I have been thinking a lot about economic complexity this week. This is all the more relevant as Alberta heads into yet another downturn. And our political leaders head off to Paris with a new “climate change plan”. The perfect storm.
The world is full of explanatory paradigms. A paradigm is a way of thinking. In science and philosophy, it is a set of concepts or thought patterns that bring legitimacy to an explanation. It is a world view.
Reality arrives through four universal perspectives. This thought arose when I was observing my first grandson.
What is complexity?
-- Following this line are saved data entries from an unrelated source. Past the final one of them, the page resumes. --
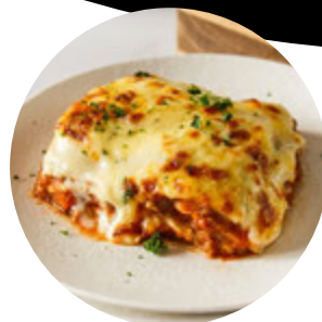
Gluten-free Beef Lasagne GF 6 x 270g Pcs GFLASB6 Frozen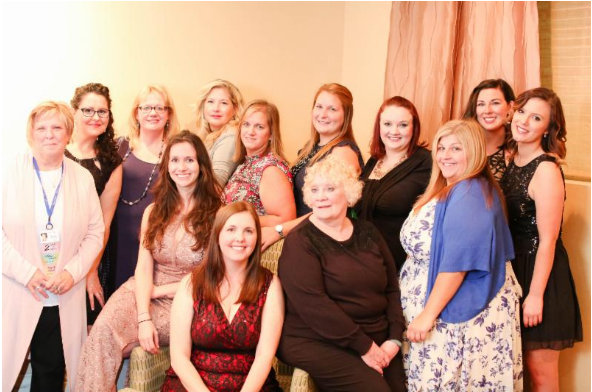
The Moms In Motion Admin Team!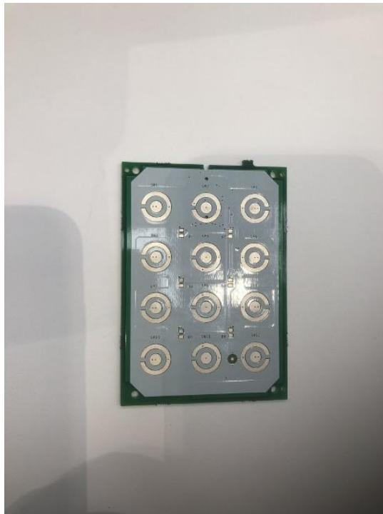
Photo 2. Front PCB Top, keypad array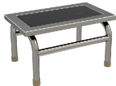
Step Stool SKE020-3

The context in which complexity arises is the human search for order, which means a satisfactory arrangement of things in space, time and cause. Since the beginning, humans have searched for order in the natural world, and created order in the human-made world. Many of us believe that the creation of life itself was a search for order.
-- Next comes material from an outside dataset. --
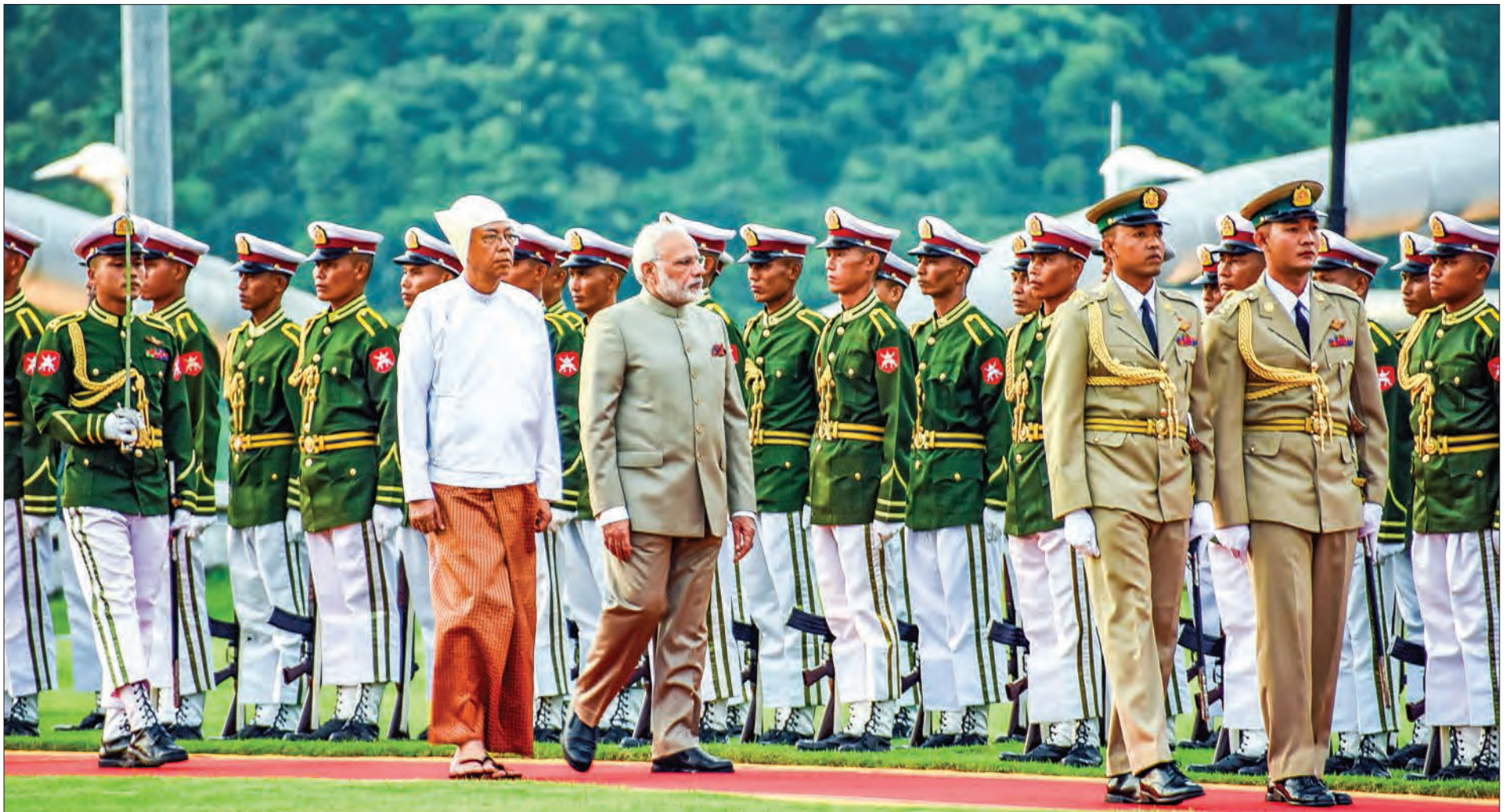
President U Htin Kyaw and Indian Prime Minister Narendra Modi inspect the honour guard at the Presidential Palace in Nay Pyi Taw yesterday.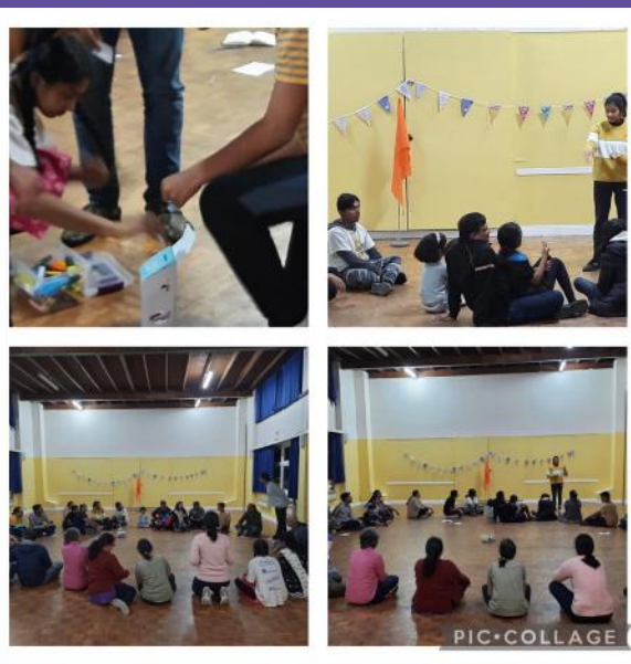
Bromley Sanskar Shakha

In 1962, Ayn Rand was challenged to explain her philosophy while standing on one foot. She did so by saying: “Metaphysics: Objective Reality; Epistemology: Reason; Ethics: Self-interest; Politics: Capitalism.”
I wish I could be so succinct.
A few years ago, I started writing a book. Its working title is Raising Our Game – Embracing Complexity Awareness. The purpose of this book is to describe how a better understanding of complexity theory would help leaders set goals, design and implement strategies and achieve results. But the intent of the book is to provide encouragement for us as individuals, groups and society to “raise our game”. By this, I mean taking us to a next level of human performance.